--- START ---

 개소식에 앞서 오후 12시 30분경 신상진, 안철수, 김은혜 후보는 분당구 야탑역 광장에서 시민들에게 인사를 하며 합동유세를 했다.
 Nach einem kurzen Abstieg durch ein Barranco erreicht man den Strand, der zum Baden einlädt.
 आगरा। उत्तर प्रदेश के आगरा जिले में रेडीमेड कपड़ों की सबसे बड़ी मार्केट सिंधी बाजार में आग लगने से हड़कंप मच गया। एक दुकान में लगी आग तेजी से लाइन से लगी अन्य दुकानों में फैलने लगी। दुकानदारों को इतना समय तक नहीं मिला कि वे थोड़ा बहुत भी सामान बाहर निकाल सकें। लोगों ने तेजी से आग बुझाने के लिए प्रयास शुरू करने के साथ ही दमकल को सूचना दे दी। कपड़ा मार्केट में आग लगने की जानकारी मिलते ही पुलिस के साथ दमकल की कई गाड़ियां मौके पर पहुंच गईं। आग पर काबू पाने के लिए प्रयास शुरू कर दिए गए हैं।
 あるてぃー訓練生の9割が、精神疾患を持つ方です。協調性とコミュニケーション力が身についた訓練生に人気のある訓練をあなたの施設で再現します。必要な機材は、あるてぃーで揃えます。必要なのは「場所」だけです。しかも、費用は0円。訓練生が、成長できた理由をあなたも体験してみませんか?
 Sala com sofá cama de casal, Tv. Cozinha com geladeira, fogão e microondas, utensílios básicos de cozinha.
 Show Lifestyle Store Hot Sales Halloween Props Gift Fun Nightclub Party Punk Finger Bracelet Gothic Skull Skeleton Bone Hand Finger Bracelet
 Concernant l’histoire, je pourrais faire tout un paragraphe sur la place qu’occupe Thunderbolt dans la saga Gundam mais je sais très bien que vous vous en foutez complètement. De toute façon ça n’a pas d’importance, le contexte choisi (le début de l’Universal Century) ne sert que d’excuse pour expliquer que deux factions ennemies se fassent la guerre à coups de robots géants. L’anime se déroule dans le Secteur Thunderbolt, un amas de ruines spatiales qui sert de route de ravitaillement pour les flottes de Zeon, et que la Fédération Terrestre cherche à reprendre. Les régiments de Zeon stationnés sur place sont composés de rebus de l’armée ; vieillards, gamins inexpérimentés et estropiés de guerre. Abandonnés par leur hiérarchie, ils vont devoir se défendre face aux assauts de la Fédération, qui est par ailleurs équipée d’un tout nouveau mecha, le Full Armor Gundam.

--- END ---
--- START ---

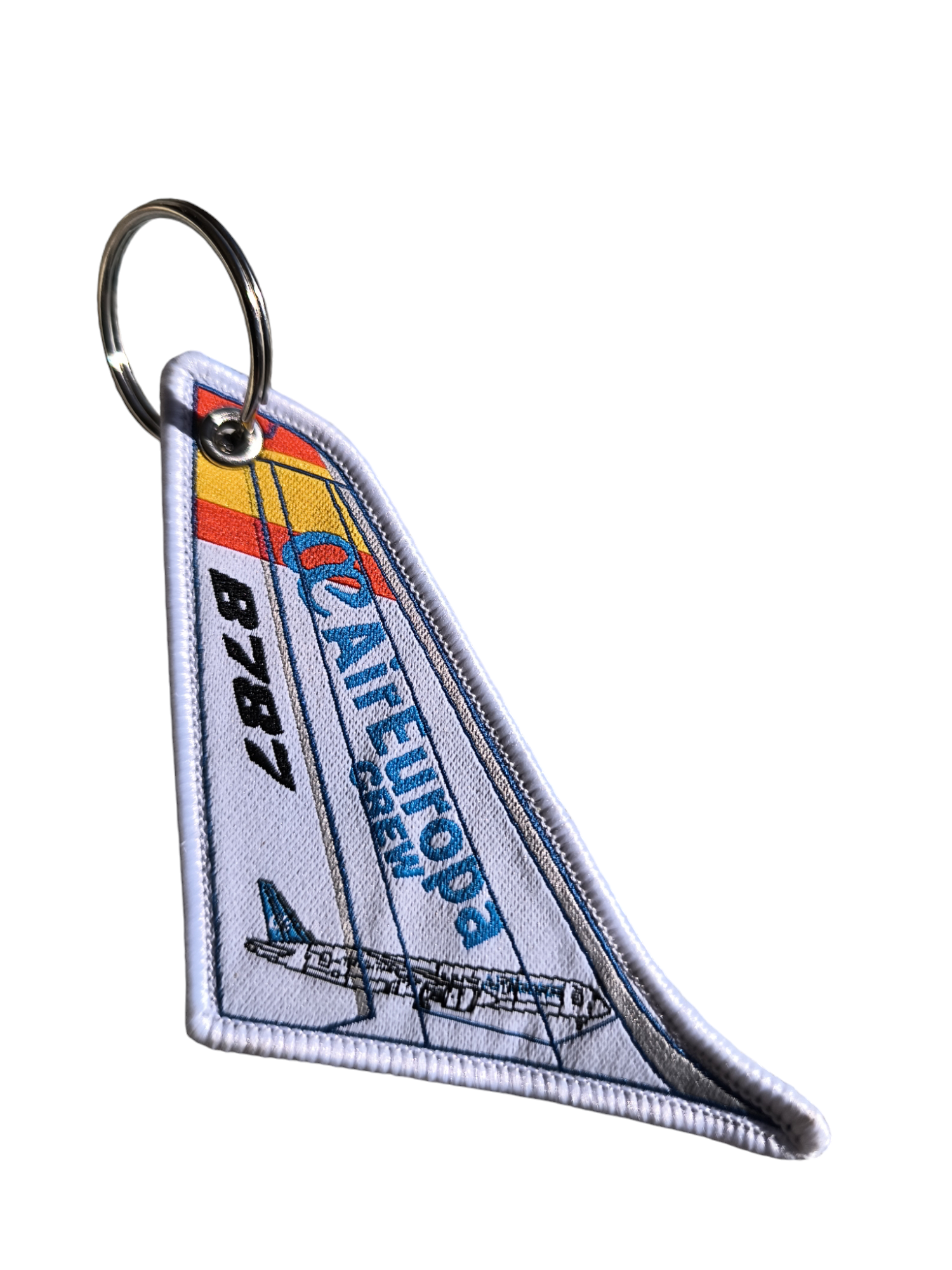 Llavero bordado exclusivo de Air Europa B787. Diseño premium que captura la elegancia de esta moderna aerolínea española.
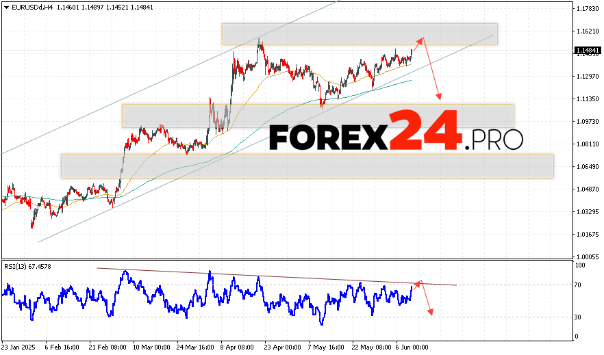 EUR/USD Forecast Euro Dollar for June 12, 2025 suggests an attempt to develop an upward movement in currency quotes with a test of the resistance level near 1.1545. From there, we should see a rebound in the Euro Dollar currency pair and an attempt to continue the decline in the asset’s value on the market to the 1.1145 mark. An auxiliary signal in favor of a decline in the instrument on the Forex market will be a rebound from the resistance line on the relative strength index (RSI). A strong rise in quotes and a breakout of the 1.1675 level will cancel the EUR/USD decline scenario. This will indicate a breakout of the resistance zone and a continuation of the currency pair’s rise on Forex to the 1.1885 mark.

--- END ---

[Exercise requirements] Nothing but the lines above from the one containing "개소식에 앞서 오후 12시" through the one containing "Show Lifestyle Store" should appear in the answer, each repeated exactly.

[Exercise output]
 개소식에 앞서 오후 12시 30분경 신상진, 안철수, 김은혜 후보는 분당구 야탑역 광장에서 시민들에게 인사를 하며 합동유세를 했다.
 Nach einem kurzen Abstieg durch ein Barranco erreicht man den Strand, der zum Baden einlädt.
 आगरा। उत्तर प्रदेश के आगरा जिले में रेडीमेड कपड़ों की सबसे बड़ी मार्केट सिंधी बाजार में आग लगने से हड़कंप मच गया। एक दुकान में लगी आग तेजी से लाइन से लगी अन्य दुकानों में फैलने लगी। दुकानदारों को इतना समय तक नहीं मिला कि वे थोड़ा बहुत भी सामान बाहर निकाल सकें। लोगों ने तेजी से आग बुझाने के लिए प्रयास शुरू करने के साथ ही दमकल को सूचना दे दी। कपड़ा मार्केट में आग लगने की जानकारी मिलते ही पुलिस के साथ दमकल की कई गाड़ियां मौके पर पहुंच गईं। आग पर काबू पाने के लिए प्रयास शुरू कर दिए गए हैं।
 あるてぃー訓練生の9割が、精神疾患を持つ方です。協調性とコミュニケーション力が身についた訓練生に人気のある訓練をあなたの施設で再現します。必要な機材は、あるてぃーで揃えます。必要なのは「場所」だけです。しかも、費用は0円。訓練生が、成長できた理由をあなたも体験してみませんか?
 Sala com sofá cama de casal, Tv. Cozinha com geladeira, fogão e microondas, utensílios básicos de cozinha.
 Show Lifestyle Store Hot Sales Halloween Props Gift Fun Nightclub Party Punk Finger Bracelet Gothic Skull Skeleton Bone Hand Finger Bracelet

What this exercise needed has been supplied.